We went with Red Bridge, which is far and away the msot expensive option, but included much more than learning a couple Vietnamese dishes in the back of a restaurant. I would definitely recommend splurging for this, as we got a tour of the market, along with an education of what is used for what. Then they took us by boat down the river, taking the sights before arriving at 'the school', where we got another tour of their herb garden, before we learned how to make 4 dishes, with a hilarious chef before sitting down to lunch to enjoy our spoils. They also threw in steamed ocean fish and had no issue taking out onions for me as well. And if one wants, you can stay and hang out by the pool afterwards. however, it wasn't exactly swimmy weather to I headed back on the boat with the others.
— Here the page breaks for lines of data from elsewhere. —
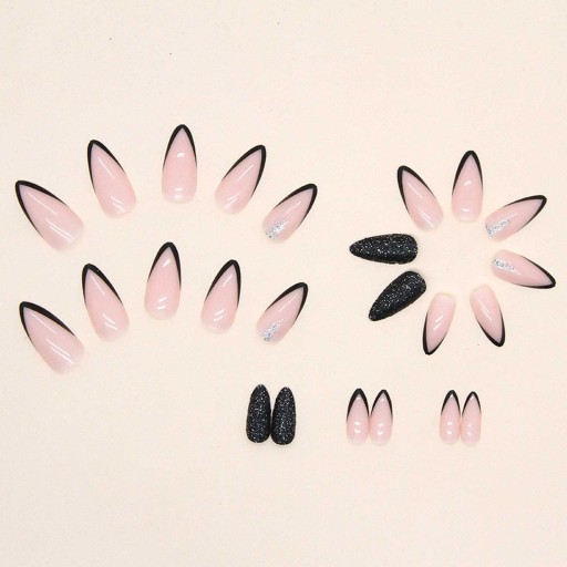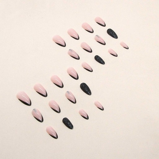 НАКЛАДКИ ДЛЯ ИСКУССТВЕННЫХ НОГТЕЙ УЗОРЫ ЧЕРНЫЕ ФРАНЦУЗСКИЕ БЛЕСКИ 24 ШТ.
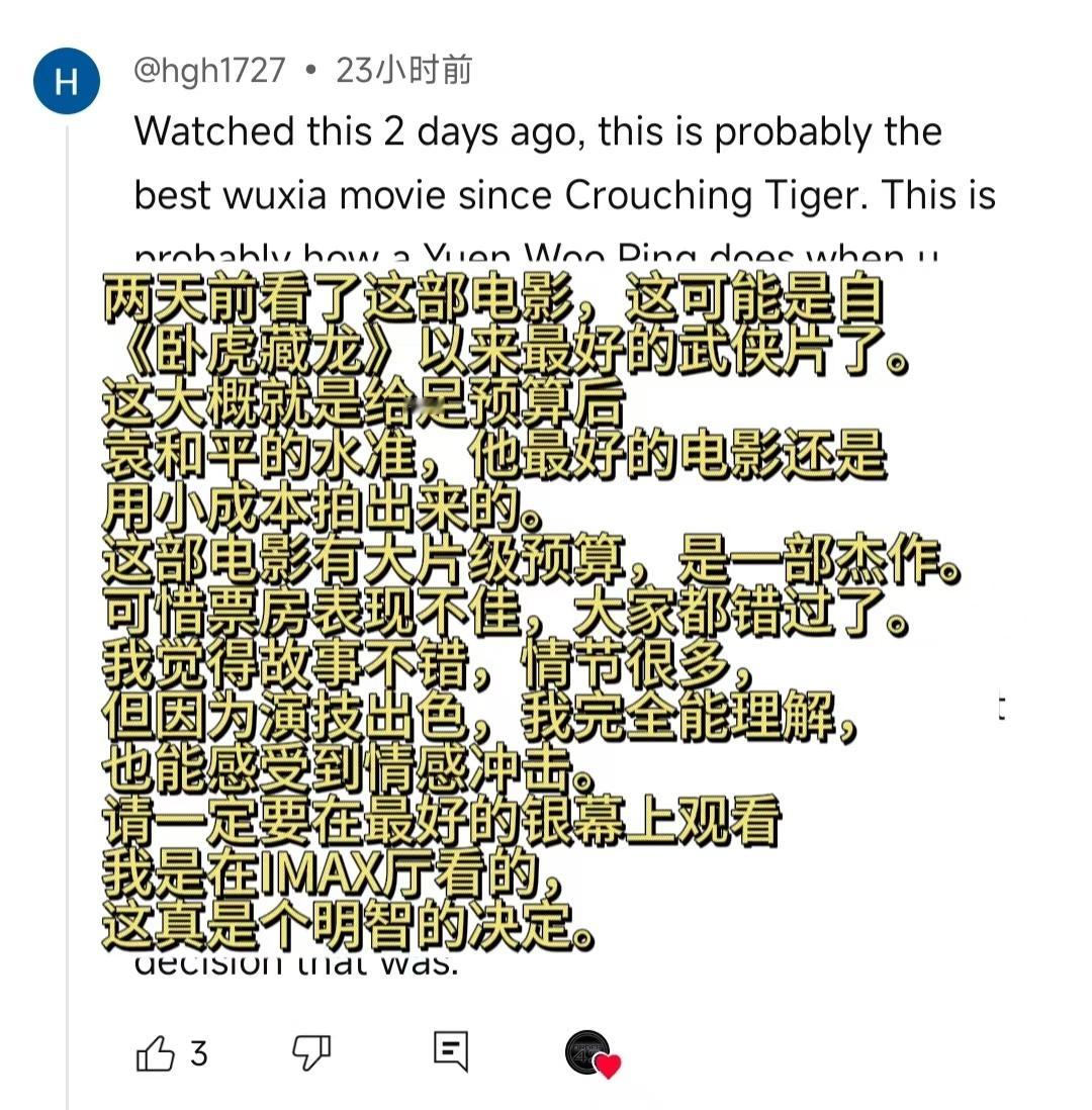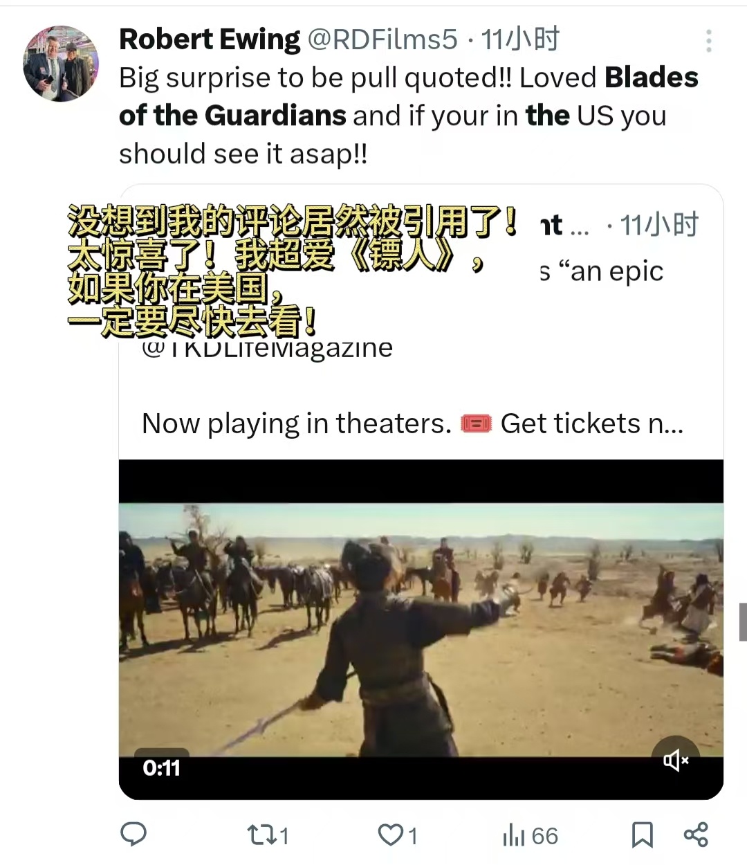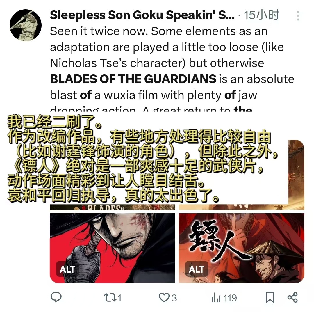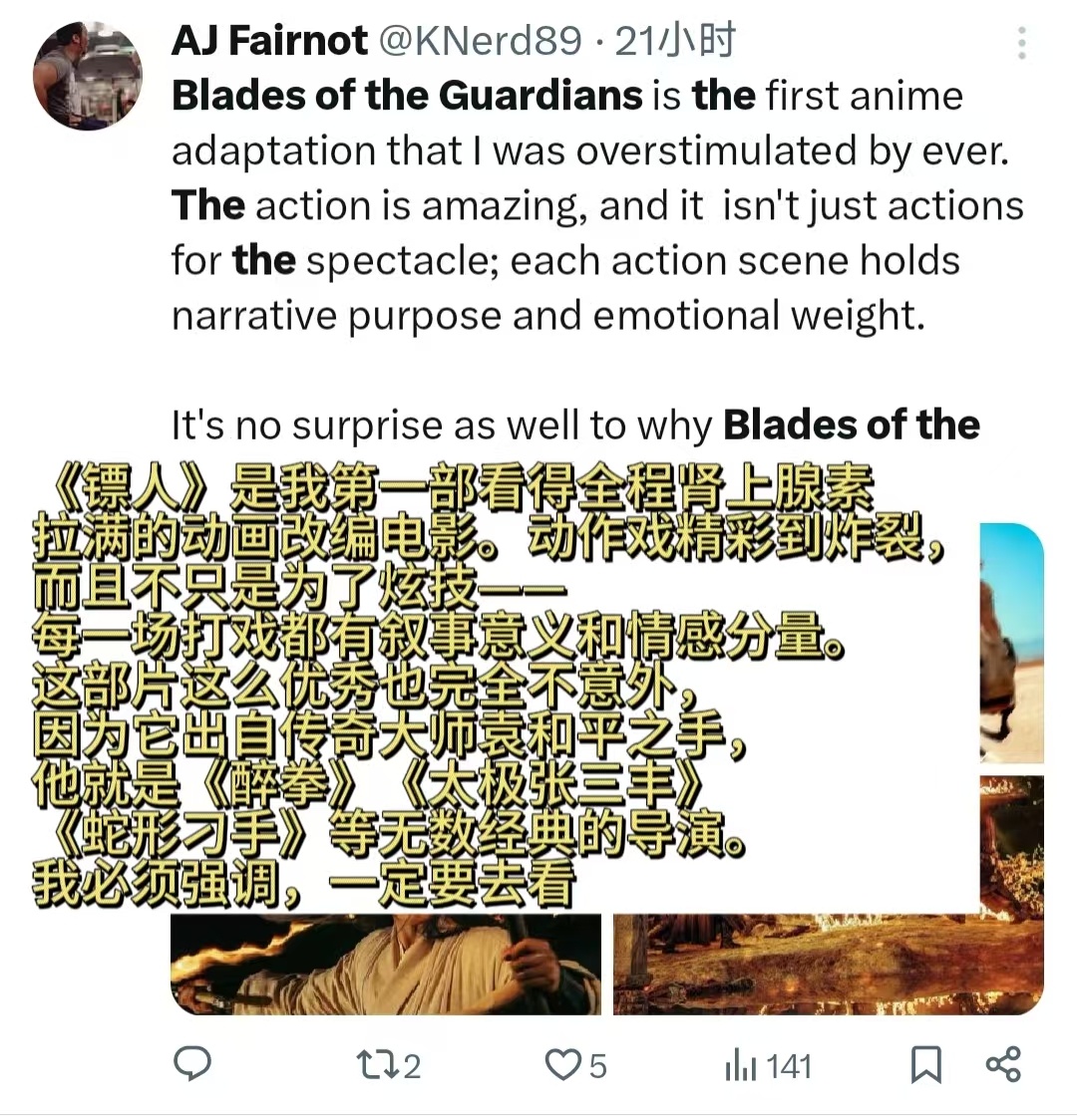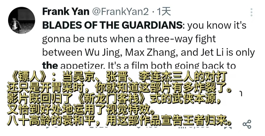镖人海外评价镖人海外口碑 “《镖人》是我第一部看得肾上腺素拉满的动画改编电影”“这可能是自《卧虎藏龙》以来最好的武侠片了”“当吴京 李连杰 张晋对打还只是开胃菜你就知道这部电影有多炸裂”“袁和平导演拥有最顶级的想象力”
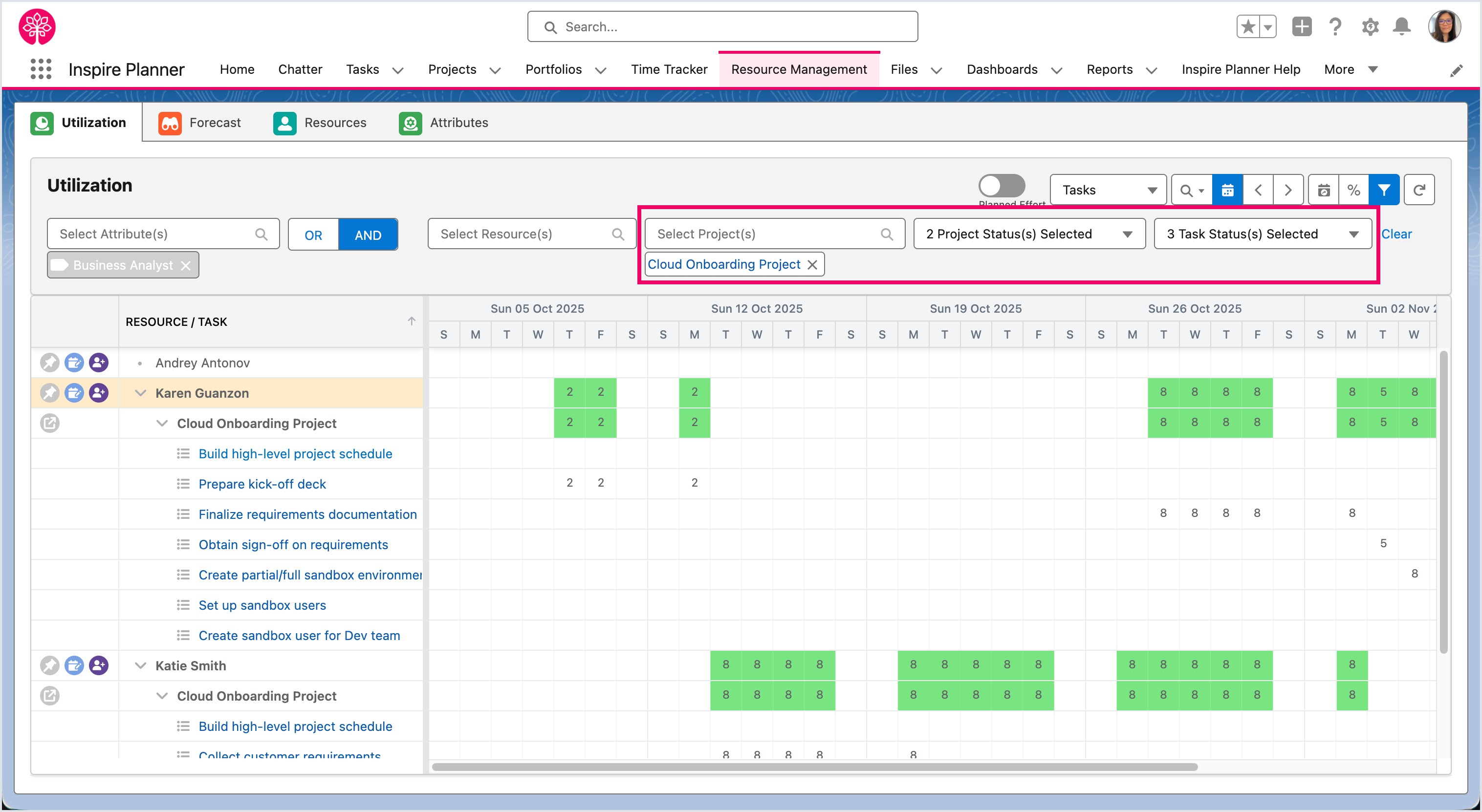 Monitor individual or team resource utilization to identify over- or under-allocation.
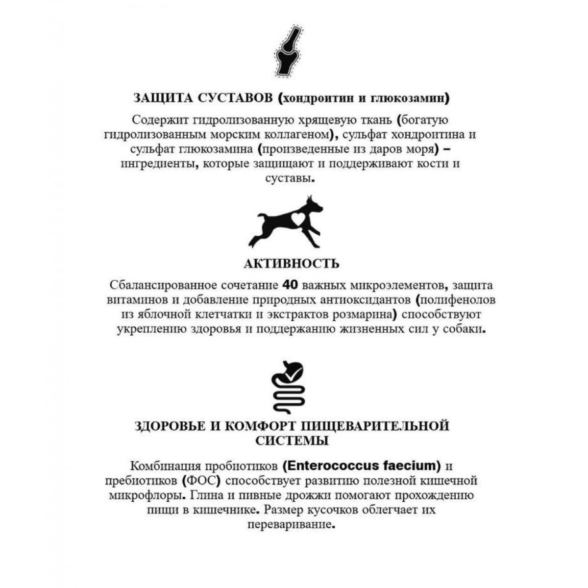 Сбалансированное сочетание 40 важных микроэлементов, защита витаминов и добавление природных антиоксидантов (полифенолов из яблочной клетчатки и экстрактов розмарина) способствуют укреплению здоровья и поддержанию жизненных сил у собаки.
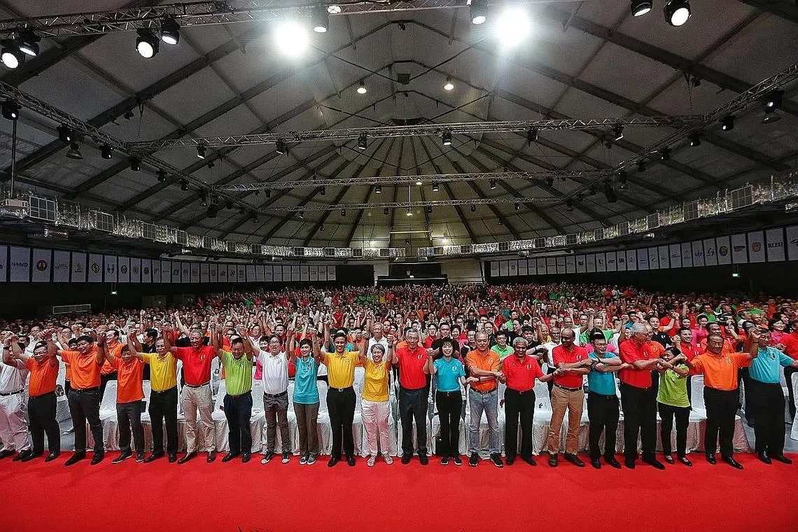 RAPAT HARI PEKERJA: Perdana Menteri Encik Lee Hsien Loong menghadiri Rapat Hari Buruh di D'Marquee Downtown East semalam bersama isterinya Cik Lee, anggota kesatuan, pekerja, majikan, dan anggota Kabinet lain. - Foto BH oleh KEVIN LIM -

Great group for that, including more solo travelers Lisa from Australia who was doing a buzz tour of Vietnam and Terry from USA - who works half the year as a lifeguard and goes off on adventures for the other half. He was definitely the most adventurous of us in terms of trying food and will eat pretty much anything on offer abroad - monkey brains anyone?

And finally we arrive at the reason for my title; one thing that either brings a lot of visitors to Hoi An, or captures them after they've arrived is Tailor Made clothes. You needn't be in Hoi An more than a few seconds to take notice of the many shops abounding offering anything from winter coats to suits and dresses, or even a copy of your favourite shoes. In the beginning I was taking the piss a bit on Irene, but soon found myself equally hooked and trying to remember which appointments were at which shops, and even one time ended up in a shop frantically searching their catalogue for a 'must-have' skirt i'd seen the day before..only to realise, I'd seen it somewhere else before sneaking out sheepishly (!). I had about 7 different things made in about 7 different places, and there are 2 of them i'd recommend: One is Impressions boutique, which has a few branches throughout the city, but I had luck at the one on 166 Tran Phu Street. For me the fact they were constantly busy and one of the few who didn't try to solicit your business when you walked past was a good indicator. And the one who had the skirt I was after and did an excellent job of it was 'Hai Pho' at 663 Hai Ba Trung str. They will usually make most things inside a day, but allow a bit more time for fittings and tweaking, if need be.

Then you could wear your new outfits and go be 'stylish' - something Matt and Irene and I continued to do, and on the last night Matt and I hit up a place called 'White Marble' on Le Loi Street. The reason I chose it was, that funny chef who taught our cooking course also worked there. This is a good choice if you want to have a nice night out, and suiting for Matt's last night in Hoi An. The food was excellent, if in small portions (its one of THOSE places) and the upstairs has sofas and affords a view of the shops below. It's also a wine bar. For those in search of cheaper eats, they can be found at the central market, but watch the ice and green veggies...the doctor figured this was what catapulted me back into a state of gastroenteritis. There are also numerous great restaurants along the river, in Hoi An you are also spoiled for food choice!

In one of the restaurants, we were approached by a man called 'Mr. Trung' who will do tours of his fishing and pottery village for $10 US per person, including a homemade lunch by his wife, served in his home. Matt and I were meant to do this, and after Matt left on an earlier flight and I had to reschedule by one day, I was still charged the same amount, nothing extra. It was good value and I definitely recommend it.